Не раз я потом вспоминал о нем. Его шансы выжить были равны нашим, его душевная ситуация — много хуже. Мы были солдатами сражавшейся армии, он — битый и пытанный собратьями по доктрине, теми, кому он доверил свое здоровье, лечиться к которым он приехал. Ученый-марксист всегда начинает анализировать ситуацию и перспективы ее развития; я спросил о его взглядах на нынешнее положение вещей. В моем понимании советский строй был тогда в очень любопытной стадии развития. Казалось, Сталин и его ближайшее окружение не только готовы были к политическому, но и к идеологическому союзу с Гитлером.
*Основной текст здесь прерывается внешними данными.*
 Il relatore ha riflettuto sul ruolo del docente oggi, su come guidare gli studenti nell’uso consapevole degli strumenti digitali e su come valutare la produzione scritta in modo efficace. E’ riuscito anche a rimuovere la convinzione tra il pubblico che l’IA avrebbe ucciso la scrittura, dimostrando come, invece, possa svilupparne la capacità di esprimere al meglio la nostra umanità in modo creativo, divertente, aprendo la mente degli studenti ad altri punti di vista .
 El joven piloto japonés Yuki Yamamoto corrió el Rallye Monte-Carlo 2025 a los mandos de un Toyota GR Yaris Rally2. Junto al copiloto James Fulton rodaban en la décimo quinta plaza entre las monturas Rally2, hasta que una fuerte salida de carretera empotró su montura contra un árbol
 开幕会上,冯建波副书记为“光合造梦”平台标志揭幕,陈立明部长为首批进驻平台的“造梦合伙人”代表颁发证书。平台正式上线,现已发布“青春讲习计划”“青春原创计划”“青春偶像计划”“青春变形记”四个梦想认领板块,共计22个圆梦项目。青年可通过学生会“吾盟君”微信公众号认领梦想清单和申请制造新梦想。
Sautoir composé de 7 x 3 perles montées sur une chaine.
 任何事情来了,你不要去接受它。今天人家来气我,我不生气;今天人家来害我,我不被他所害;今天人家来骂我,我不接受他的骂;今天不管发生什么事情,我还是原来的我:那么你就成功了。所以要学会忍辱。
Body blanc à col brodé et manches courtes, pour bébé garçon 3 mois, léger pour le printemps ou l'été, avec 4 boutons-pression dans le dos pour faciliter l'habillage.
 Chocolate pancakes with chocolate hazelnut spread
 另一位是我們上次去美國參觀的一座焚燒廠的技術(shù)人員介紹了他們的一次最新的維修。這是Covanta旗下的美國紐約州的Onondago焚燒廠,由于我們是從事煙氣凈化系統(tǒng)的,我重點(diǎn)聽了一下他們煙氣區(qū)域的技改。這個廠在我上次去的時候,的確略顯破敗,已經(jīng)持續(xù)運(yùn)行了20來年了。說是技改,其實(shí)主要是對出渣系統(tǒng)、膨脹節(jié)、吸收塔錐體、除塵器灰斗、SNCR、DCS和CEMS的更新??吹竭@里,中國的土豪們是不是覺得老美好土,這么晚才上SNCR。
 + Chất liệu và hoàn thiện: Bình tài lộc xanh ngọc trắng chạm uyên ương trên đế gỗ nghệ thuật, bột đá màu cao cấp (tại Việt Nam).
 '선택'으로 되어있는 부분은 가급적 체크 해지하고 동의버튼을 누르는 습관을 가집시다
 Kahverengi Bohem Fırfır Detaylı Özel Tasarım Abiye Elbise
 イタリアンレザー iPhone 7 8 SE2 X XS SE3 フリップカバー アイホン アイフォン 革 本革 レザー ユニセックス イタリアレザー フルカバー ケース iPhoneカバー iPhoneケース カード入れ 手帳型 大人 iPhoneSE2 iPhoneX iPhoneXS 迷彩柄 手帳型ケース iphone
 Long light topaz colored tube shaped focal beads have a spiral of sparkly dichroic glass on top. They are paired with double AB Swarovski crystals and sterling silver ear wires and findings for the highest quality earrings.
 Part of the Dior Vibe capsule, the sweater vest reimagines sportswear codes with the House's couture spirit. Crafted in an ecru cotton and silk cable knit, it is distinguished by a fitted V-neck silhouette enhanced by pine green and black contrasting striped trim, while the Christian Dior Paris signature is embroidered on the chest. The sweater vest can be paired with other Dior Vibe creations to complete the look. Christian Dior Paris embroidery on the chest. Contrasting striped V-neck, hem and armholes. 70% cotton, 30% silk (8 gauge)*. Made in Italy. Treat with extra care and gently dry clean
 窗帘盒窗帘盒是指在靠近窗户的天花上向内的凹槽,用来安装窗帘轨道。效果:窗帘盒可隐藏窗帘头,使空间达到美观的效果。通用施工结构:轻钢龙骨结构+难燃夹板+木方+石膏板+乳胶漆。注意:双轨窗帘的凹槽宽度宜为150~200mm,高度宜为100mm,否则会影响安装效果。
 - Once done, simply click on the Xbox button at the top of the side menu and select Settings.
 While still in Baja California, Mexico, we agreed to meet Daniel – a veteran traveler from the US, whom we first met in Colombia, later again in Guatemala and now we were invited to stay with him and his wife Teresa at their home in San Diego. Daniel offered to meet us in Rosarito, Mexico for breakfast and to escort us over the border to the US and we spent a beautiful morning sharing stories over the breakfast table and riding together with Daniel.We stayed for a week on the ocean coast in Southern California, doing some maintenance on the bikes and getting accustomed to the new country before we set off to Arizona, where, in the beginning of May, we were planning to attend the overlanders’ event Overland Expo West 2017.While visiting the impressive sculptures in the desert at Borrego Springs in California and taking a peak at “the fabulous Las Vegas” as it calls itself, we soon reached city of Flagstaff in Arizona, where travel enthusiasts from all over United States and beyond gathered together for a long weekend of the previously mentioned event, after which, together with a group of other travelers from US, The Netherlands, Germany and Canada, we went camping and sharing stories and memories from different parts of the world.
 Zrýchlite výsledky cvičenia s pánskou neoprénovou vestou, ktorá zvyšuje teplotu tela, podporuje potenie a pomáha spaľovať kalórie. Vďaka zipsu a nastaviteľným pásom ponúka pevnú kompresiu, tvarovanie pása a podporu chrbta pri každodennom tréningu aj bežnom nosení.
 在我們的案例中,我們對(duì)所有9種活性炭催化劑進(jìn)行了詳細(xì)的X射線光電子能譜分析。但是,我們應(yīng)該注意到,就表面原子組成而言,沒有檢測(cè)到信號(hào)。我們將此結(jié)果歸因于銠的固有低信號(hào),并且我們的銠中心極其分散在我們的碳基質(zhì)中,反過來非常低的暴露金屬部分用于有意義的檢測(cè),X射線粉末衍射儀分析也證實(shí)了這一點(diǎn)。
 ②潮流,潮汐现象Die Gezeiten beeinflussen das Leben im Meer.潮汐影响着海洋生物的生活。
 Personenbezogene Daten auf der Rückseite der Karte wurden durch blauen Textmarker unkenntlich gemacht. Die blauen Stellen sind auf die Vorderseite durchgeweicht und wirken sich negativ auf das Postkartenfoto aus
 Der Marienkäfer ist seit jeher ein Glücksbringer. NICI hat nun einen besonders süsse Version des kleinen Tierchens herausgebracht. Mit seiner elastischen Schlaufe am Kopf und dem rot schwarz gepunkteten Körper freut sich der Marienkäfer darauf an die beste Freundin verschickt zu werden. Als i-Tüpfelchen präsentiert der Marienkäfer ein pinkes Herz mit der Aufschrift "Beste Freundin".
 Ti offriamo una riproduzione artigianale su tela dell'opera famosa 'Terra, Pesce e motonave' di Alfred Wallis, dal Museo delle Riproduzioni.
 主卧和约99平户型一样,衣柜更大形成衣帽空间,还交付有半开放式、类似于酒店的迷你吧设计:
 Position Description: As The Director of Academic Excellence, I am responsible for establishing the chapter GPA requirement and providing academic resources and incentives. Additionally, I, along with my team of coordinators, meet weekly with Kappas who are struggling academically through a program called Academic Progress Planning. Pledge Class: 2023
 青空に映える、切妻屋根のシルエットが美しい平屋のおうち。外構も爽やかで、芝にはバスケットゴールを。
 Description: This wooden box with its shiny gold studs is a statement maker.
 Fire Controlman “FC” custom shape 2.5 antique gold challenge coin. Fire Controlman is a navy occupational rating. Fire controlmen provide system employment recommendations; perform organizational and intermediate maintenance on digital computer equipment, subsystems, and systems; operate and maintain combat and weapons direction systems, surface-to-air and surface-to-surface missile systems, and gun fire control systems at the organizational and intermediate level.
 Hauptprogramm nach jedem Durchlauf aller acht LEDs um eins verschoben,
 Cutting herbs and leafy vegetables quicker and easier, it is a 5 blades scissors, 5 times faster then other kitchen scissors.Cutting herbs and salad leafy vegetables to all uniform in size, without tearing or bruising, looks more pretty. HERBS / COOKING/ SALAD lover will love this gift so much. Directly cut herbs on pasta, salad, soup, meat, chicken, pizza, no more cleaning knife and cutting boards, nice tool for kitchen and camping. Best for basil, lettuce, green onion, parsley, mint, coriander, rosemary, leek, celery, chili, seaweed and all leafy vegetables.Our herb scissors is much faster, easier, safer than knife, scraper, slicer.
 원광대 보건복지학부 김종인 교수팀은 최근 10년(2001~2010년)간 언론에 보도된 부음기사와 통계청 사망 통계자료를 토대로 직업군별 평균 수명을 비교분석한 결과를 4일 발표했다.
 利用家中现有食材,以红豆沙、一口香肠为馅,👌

Рядовые же члены партии, сколько я мог понять из бесед в московских тюрьмах, были очень недоверчиво настроены к гитлеровцам.
В этой ситуации головы немецких коммунистов должны были стать своего рода цементом, скрепляющим отношения двух стран. В фундаменте той дружбы и союза лежали общие концепции переделки политической карты мира. Как это представлялось Гитлеру, видно из его «Майн Кампф». Если говорить о сталинской концепции, то мне вспоминается разговор с ассистентом профессора Сукеницкого в Виленском институте Восточной Европы, социал-демократом, Франчишеком Анцевичем. Анцевич внимательно читал мировую прессу и интересовался политическими анализами, исходившими из троцкистских кругов. Он считал, что стратегической целью Сталина был раздел Британской империи между СССР и странами оси Берлин — Токио — Рим. По его мнению, эта цель логически сочеталась с практикой ликвидации старых большевиков и идеологов марксизма в России. Мой немецкий собеседник был крайне осторожен в занятии какой-либо позиции, но все же из его слов было видно, что он готов искать компромисс между марксизмом и национал-социализмом.
Вернувшись к эволюции сталинизма, можно сказать, что она была прервана атакой Гитлера в июне 1941 года. Это нападение имело следствием и то, что акции немецких коммунистов, как и коммунистов из других центрально-европейских стран, резко пошли в гору, а Сталин вынужден был вернуться на позиции борьбы с фашизмом и гитлеризмом. Дождался ли мой сосед нападения Гитлера в советской тюрьме или его успели передать в руки гестапо, этого я не знаю.